Here are it’s latest tweets!

We need YOUR help! What would you like to see @mylittlemarkov Tweet next? 🚀

Could be your favorite artist, author, movie star etc. or at least fun! If you put in your email you'll be notified when it goes live on the @mylittlemarkov Twitter account.

The email you entered is not valid.

Tweet Generation: Markov Model

This idea originated from an Algorithms and Data Structures lab where we were asked to code the “training” of a Markov Model.

Attribution: the lab exercise was adapted with permission from Princeton COS 126, Markov Model of Natural Language. Original assignment was developed by Bob Sedgewick and Kevin Wayne and adapted for the Masters of Data Science program by Mike Gelbart. All code and figures unless otherwise attributed were created by Ty Andrews and Jonah Hamilton.

A Markov Model uses the text you give it and learns that for every unique series of N letters, e.g. N = 2, there are some letters which are more likely to follow some than others. For example, if you only look at any two letters such as “TH” and guess what letter follows it you’d likely say “E” or “I”. This is what a Markov Model does.

This is a bit hard to visualize so lets look at an example. Say we have text that contains “their there they’re” and an N of 3. We start by sliding across each N-gram of size 3 and counting the letters that follow.

Once we’ve slid across the entire text we have some N-grams with multiple letters and some with only one.

With these counts we generate the probability of each letter following that N-gram. So for the example “the” we see that each of “r/i/y” have a 33% probability of following the N-gram “the”.

We’ve been asked not to include our coded solution so as to not give the solutions to following cohorts but here’s some useful pseudo code and brief explanation of how you do it.

So to code this we first start off by finding all the unique N-grams and counting which letters follow them. We did this with default dictionaries but there are two useful data structures from the collections package, specifically Counter and DefaultDict which make our lives much simpler.

  • defaultdict - a dictionary like data structure which deals with a key not existing by creating it on assignment of a value to a new key. A default data type must be set as the default_factory meaning when it creates new objects internally what data structure should they be.
  • Counter - dictionary like object that on setting of a value will either initialize it if it doesn’t already exist and set to 1, or increment the value by 1.

Once we have the counts of each letter for each n-gram for a given text, we divide the letter counts by the total number of letter counts to get a probability for each letter of occurring between 0 and 1.

And finally with these probabilities of N-grams and letters we can generate new text! All we do is tell it how many characters to generate. Then give it a starting N-gram which then is found in the dataset of N-grams and the following letter probabilities. Once a letter has been selected from the likely candidates the process repeats now with the new N-gram.
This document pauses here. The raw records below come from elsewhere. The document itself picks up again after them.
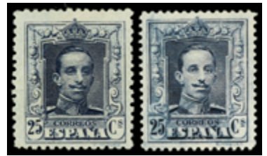
1353 70 €
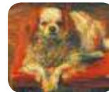
» Galleria d'Arte Moderna e Contemporanea - GAMeC
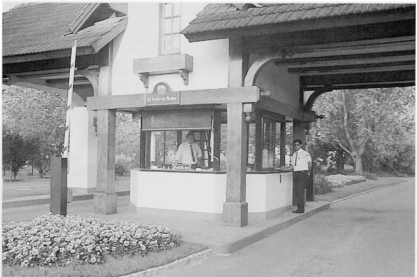
Foto 2: Repräsentative Einfahrten charakterisieren den Status von Country Clubs der oberen Mittelschicht.

Representative entrance gates characterize the status of upper middle class Country Clubs.
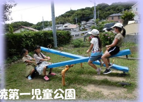
香焼第一児童公園
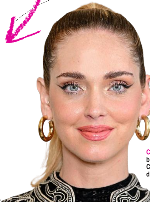
CHIARA FERRAGNI befolgt das Skin-Cycling und strahlt mit der Haut um die Wette
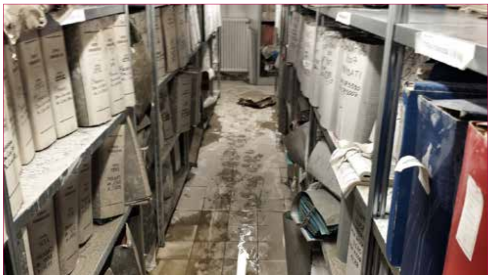
Fig.1 - Archivio allagato.

Il recupero dei Beni documentali danneggiati dalle inondazioni si può fare con le attuali tecnologie avanzate, che sono state create nel corso degli anni dalla conoscenza combinata di esperti restauratori, biologi e ingegneri, e che ora vengono impiegati in tutto il mondo da industrie e organizzazioni interessate nel campo della conservazione dei beni culturali.
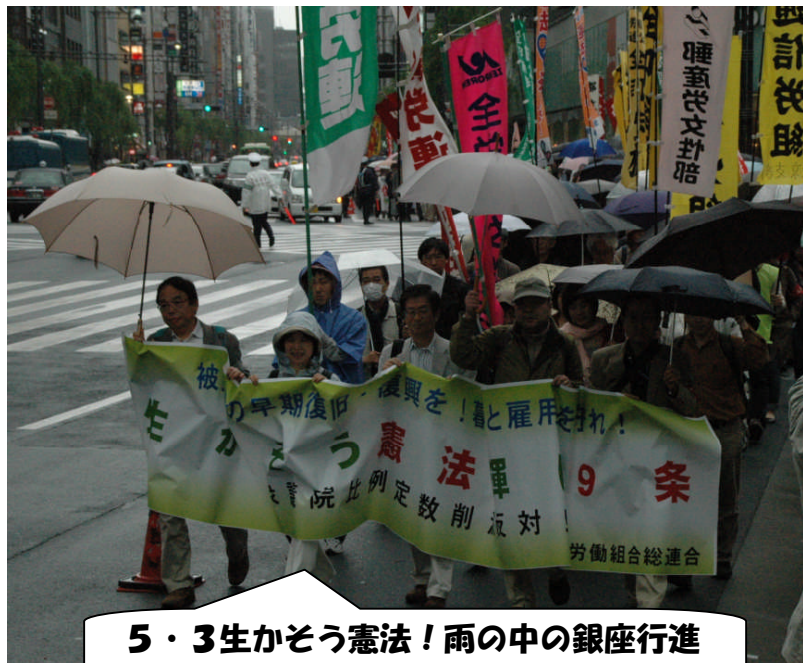
5・3生かそう憲法！雨の中の銀座行進

メーデーは、「労働者の日」といわれ、1886年5月1日、アメリカ合衆国シカゴで8時間労働制要求の統一ストライキを行った日が起源となっています。 日本での第1回メーデーは、1920年5月2日上野公園で行われ、およそ1万人が「8時間労働制の実施」「失業の防止」「最低賃金法の制定」などを訴えて行われました。 このスローガンは、現在の状況にピッタリとあてはまる今日の課題でもあります。
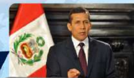
OLLANTA HUMALA TASSO Periodo Presidencial 2011-2016
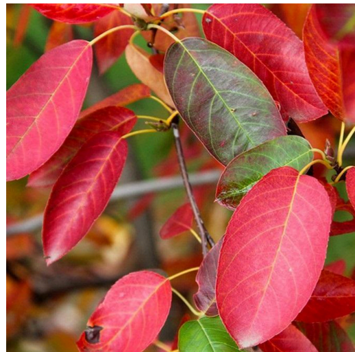
- podzimní vybarvení listů
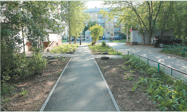
Ул. Старцева, 37
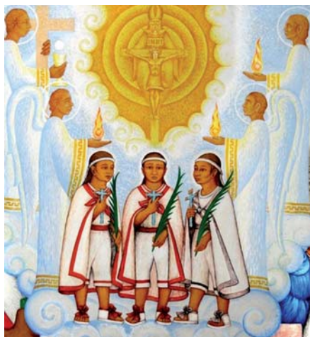
Svatí Cristobal, Antonio a Juan.
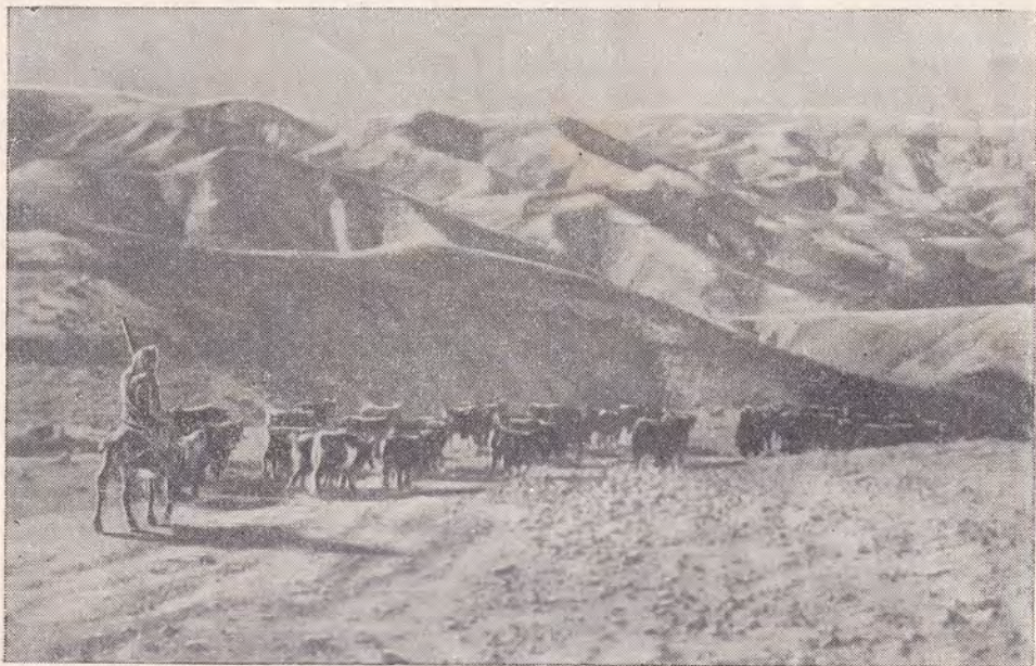
ОБЩИЙ ВИД ИОРДАНСКОЙ ПУСТЫНИ (Гряда песчано-известковых холмов)

равнину грандиозных размеров. Не такова Иудейская пустыня. Это — гряда песчано-известковых холмов, которые возвышаются один над другим, так что термин горизонт, как понятие небосклона, в данном случае едва ли будет удачным, потому что взгляд человека здесь видит в первую очередь нагромождающиеся выше и выше холмы, а не небо, опускающееся над далью земной поверхности. Эти бесконечные холмы лишены растительности. Нет на них ни дерева, ни кустика, лишь кое-где растет жалкая трава. Нет здесь и жилья, и только изредка пройдет стадо овец, перегоняемое пастухами с одного горного пастбища на другое.
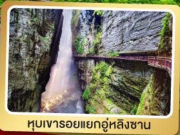
หุบเขารอยแยกอู่หลิงซาน
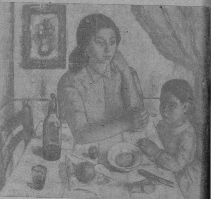
La Niña del Martinete, de Francisca Soriano

El III Certamen de Primavera por Museo Balear de Arte Moderno (Galerías Quint)
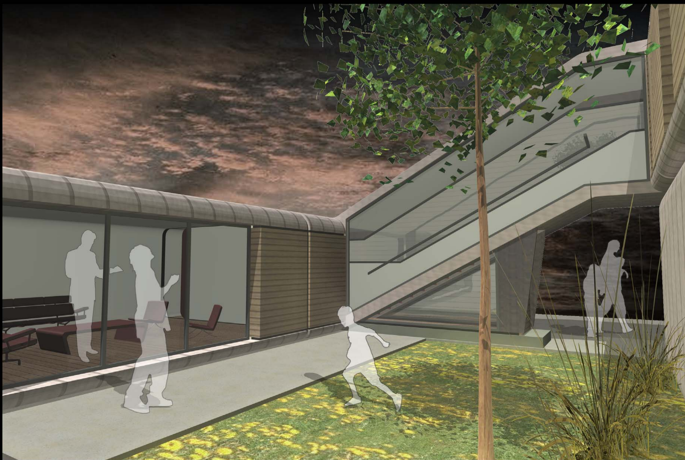
VUE DEPUIS UN PATIO
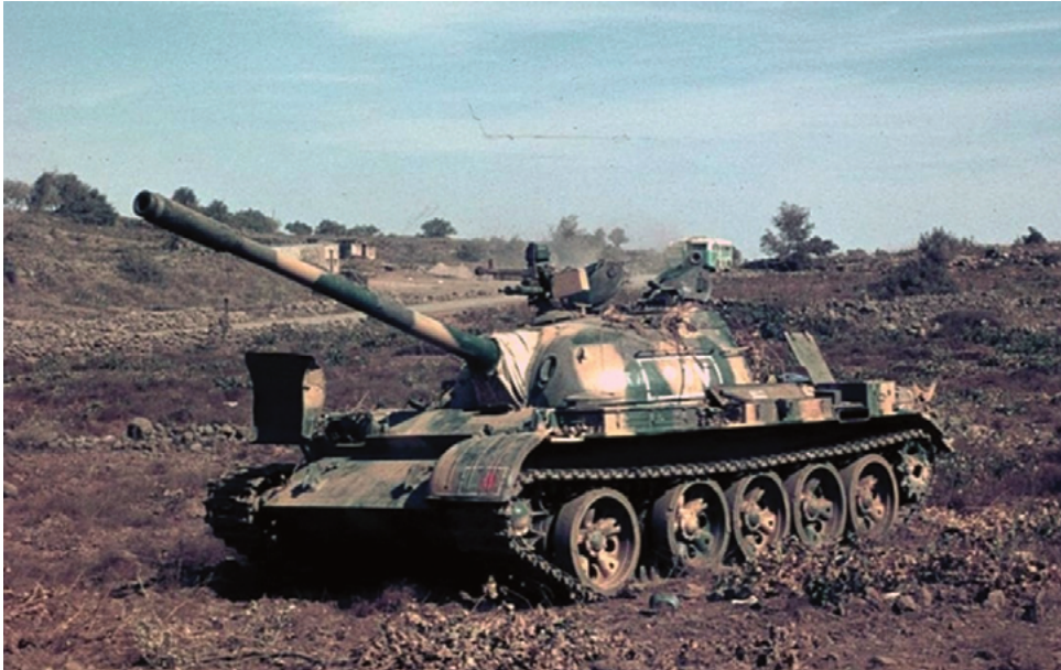
טנקי טי-55 סוריים פגועים לאחר קרב השריון (באדיבות ארכיון צה"ל ומערכת הביטחון).

מצפון להם נערכו חטיבת החי"ר 33 (מדיוויזיה 9) עם שרידי גדוד הטנקים שלה וחטיבת השריון 91 (טי-62) ושרידי חטיבת שריון 43, אל מול חטיבת השריון 679 מאוגדה 36 שביססה את אחיזתה מדרום וממזרח לנפח בקו סינדיאנה-דהלמייה. ואילו ממערב עדיין לחמו שרידי חטיבות השריון 12 ו-51 עם כוחות חטיבה 179/210 על ציר חושנייה-קצביה. 53

The code to run the text generation is as follows:

# the start prompt to start generating from
s = "the"

# how many characters to generate
sequence_length = 100

while len(s) < sequence_length:
    
    current_ngram = s[-N :]

    # check if the ngram exists to pull letter probabilties from
    # if not just use a space
    if current_ngram in ngram_dict.keys():
        next_letter = np.random.choice(
            a=list(ngram_dict[current_ngram].keys()),
            p=list(ngram_dict[current_ngram].values()),
        )
    else:
        next_letter = " "

    # append the chosen letter and start over again
    s = s + next_letter

Once all characters are generated you’ve just made your first text generation model!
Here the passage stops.